I run to Kiran’s room waking Yogi’s mom. As I returned, there was brooth leaking out of her nose. I know that my world has crumbled, fallen apart. I run to the car turn it on, Sadeq was screaming in panic “Ummmee”, at his mom, kiran was stunted, I carry her to the car, I lost my breath that I cannot open the door. Yogi’s father help with the door and hold her head on his lap. I rush to the hospital, as we get there, the doctors tested her pulse, and she was already gone.

Sadeq screamed, I could only look at him, I looked at Kiran, and she was panicked, and I was at the bottom of the hell. Felt itchy, numb and in the very surface of my skin, as if it will explode but it did not. I wanted to cry, but I have no power to cry, All I can do is hold my sons and daughter and call my love hoped that she will wake up. I kept thinking that this is just a nightmare, and I will wake up soon.

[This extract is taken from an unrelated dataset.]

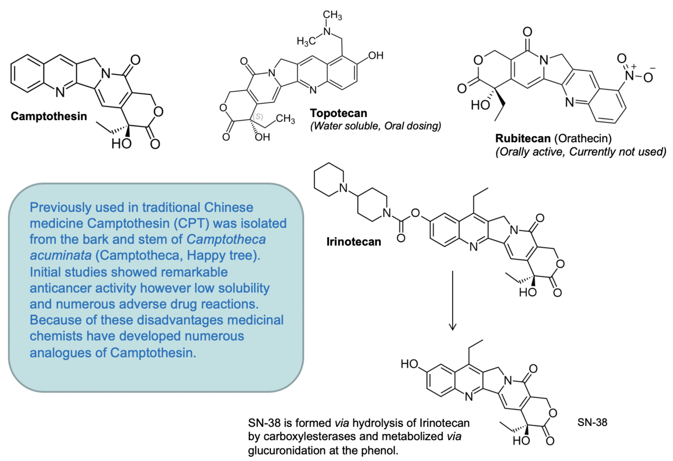 Evolved from Camptothesin, whcih had low water solubility and several ADRs
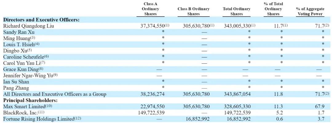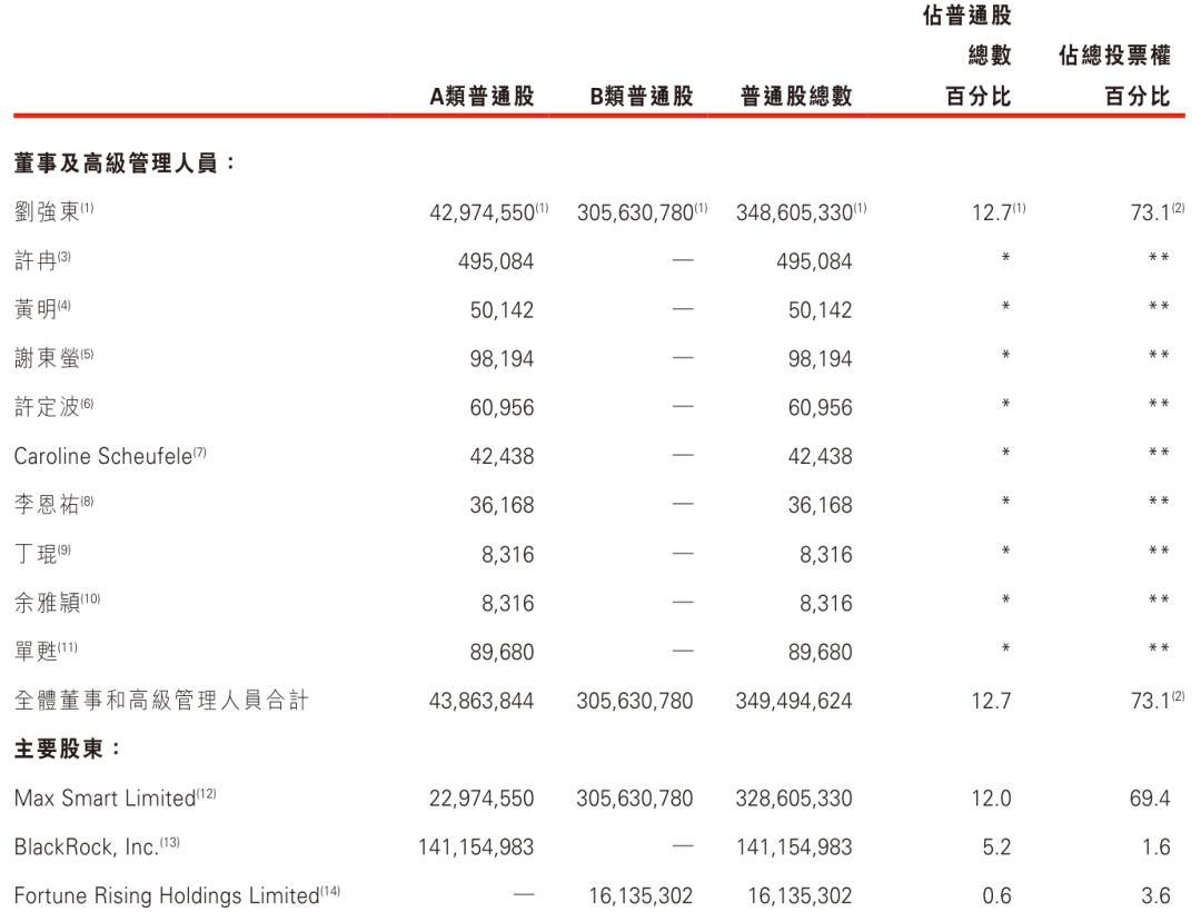 其中,刘强东通过Max Smart持有22,974,550股A类股,305,630,780股B类股,一共有12%的股权,及69.4%的投票权;通过员工持股平台Fortune Rising控制0.6%股权,有3.6%的投票权。

Still shiver every time the thing come across my mind. and still could not accept that It all happened. I still cannot accept it happened.

Cry is for medium happiness and or sadness. For traumatic one, you become numb, stunted, emptied. You became empty, you forgot everything, you do not know how to express feelings, even when you wanted to cry, there is not a single cry to cry on. Smile is the only expression that you had left. All you can feel is small itch as if there are small hands tickling your palm, face, feet, and every surface of your skin.

I really want to go with you honey, accompany you, or at least burnt in hell, if there is one, just not to feel this emptiness.

They said that time will heal, they are all wrong, it made me rot. For me, it is like maggot, eating my flesh inside out. They said hell is fire, you live it when you die. No, it did not applied to me, I live it every single breath stroke from that moment you slap my face onward.